When she thinks of some of the feedback she received, she says that “looking back it does seem misguided, and maybe informed by reductive sexist beliefs on abuse and victimhood… but at the same time maybe the drafts weren’t very good.” 

“It’s hard to parse that out,” she says. “I do know I would often come away from workshops feeling frustrated and misunderstood in terms of what I was working on, what I was trying to do.”

Her protagonist, Vanessa, “tended to be labelled as incomprehensible”. “That was something that got into my head and that I struggled with,” says Russell.

She says that Vanessa is “not delusional about the culture she’s living in – she’s so perceptive and she understands what’s going on, but she sees hypocrisies that are being overlooked by other people.”

“I think she has a potential to challenge readers… it’s so easy to brush her off as simply brainwashed or delusional. She’s smart. I think in some ways she sees this culture of enablement and silencing better than most victims.”

“That line of thinking influences her views towards coming forward and speaking out. I think she understands what reception she would most likely be met with, being criticised  or disbelieved.”

Writing process

Which brings us back to #MeToo. Though she wasn’t to know it would happen, the #MeToo movement occurred as Russell was in the latter stages of working on her book.

“It was intimidating because it lined up in such a surreal way where I was finishing up the novel in fall 2016, specifically finishing a present tense plotline, then MeToo took off,” says Russell. “It was intimidating when I thought of trying to take on something in fiction that was happening in real time. I had been working on this for so many years, I didn’t ever envision it to be timely and I was a little uncomfortable with the thought of my book maybe fitting into a certain label or [being seen as] a ‘MeToo’ novel.”

However, she soon came to the conclusion that this was not a bad thing. “I realised that the book was going to be read in this context regardless of my intentions,” says Russell. “And also, I chose to believe in myself and the book and in the idea that I had something to contribute, because I had been doing this work for so long.” 

She retains a positive attitude. “Maybe the way I’m trying to navigate this somewhat tricky terrain right now might show an aspiring writer – maybe especially an aspiring fiction writer – this is possible.  You can work with different subject matter that might inevitably entail inviting this line of questioning, but you can stay true to yourself and you can stick to those boundaries.”

She describes herself as “trying to be still being the best advocate for the book that I possibly can be”. 

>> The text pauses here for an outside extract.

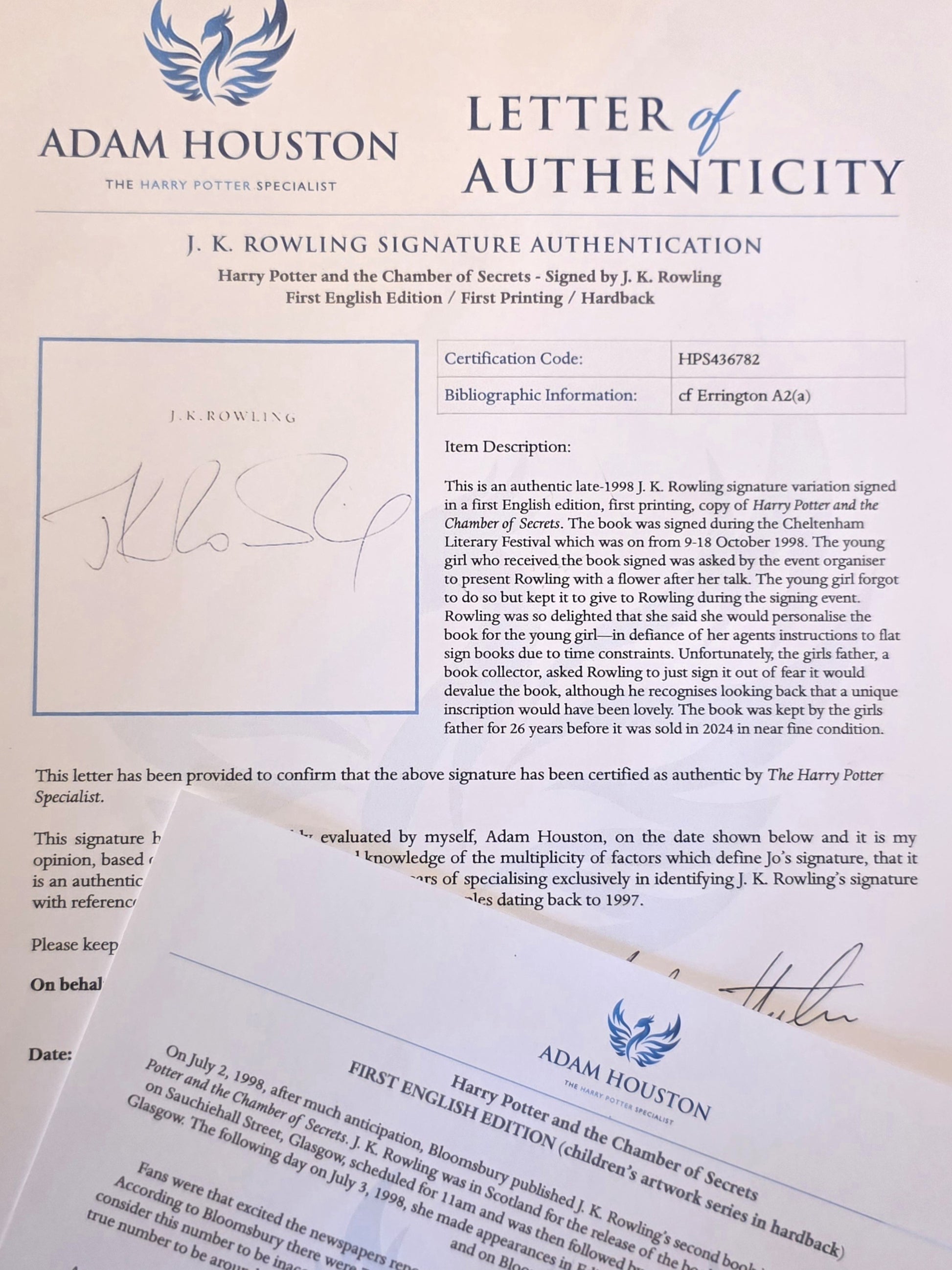 Included with the book is a handwritten letter from the previous owner, which narrates the delightful story behind the signing. At the event, the previous owner's youngest daughter was asked by the organizer to present a large plastic flower to J.K. Rowling at the end of her talk. However, as the children were leaving the hall, the young girl forgot to present the flower and instead held onto it tightly as she queued for the signing. J.K. Rowling was so charmed by this that she offered to write a special message in the book, despite her agent's suggestion to only sign her name due to time constraints. Being a book collector, the father respectfully requested just the signature. Fully authenticated by J.K. Rowling signature expert Adam Houston of The Harry Potter Specialist. Comes with a Letter of Authenticity and a collector’s card with interesting details.

“I just want to make sure I have the space to be a novelist, an artist, to have that space to create and invent and use my own experiences however I want.”

She’s currently working on book two, but being a “bit superstitious” about it, she doesn’t want to say too much. Is it different to My Dark Vanessa?

“This idea I’m working with is thematically similar in some ways but also pretty different in others,” is all she’ll say. “But it’s a funny thing, I’ve been working with this idea for a year and a lot of the ideas I’m working with have to do with creativity and achieving success through creativity and the struggles and questions that come with that, so certainly the past year has given me a lot of fodder.”

She says that she has always wanted Vanessa to “be a character who readers are free to react to however they want”, whether that’s empathy or frustration, or even questioning her. 

“I think all of those reactions are valid and important,” says Russell. ”I hope it’s a book that even readers who have differing opinions about Vanessa, and what she goes through, that they’re able to have this conversation about it.

Because I think that’s part of the power of fiction that way: that you are able to engage with a story that doesn’t belong to anyone because it is fictional, you are free to tear it apart and disagree about it and debate it.

My Dark Vanessa, published by Fourth Estate, is out now.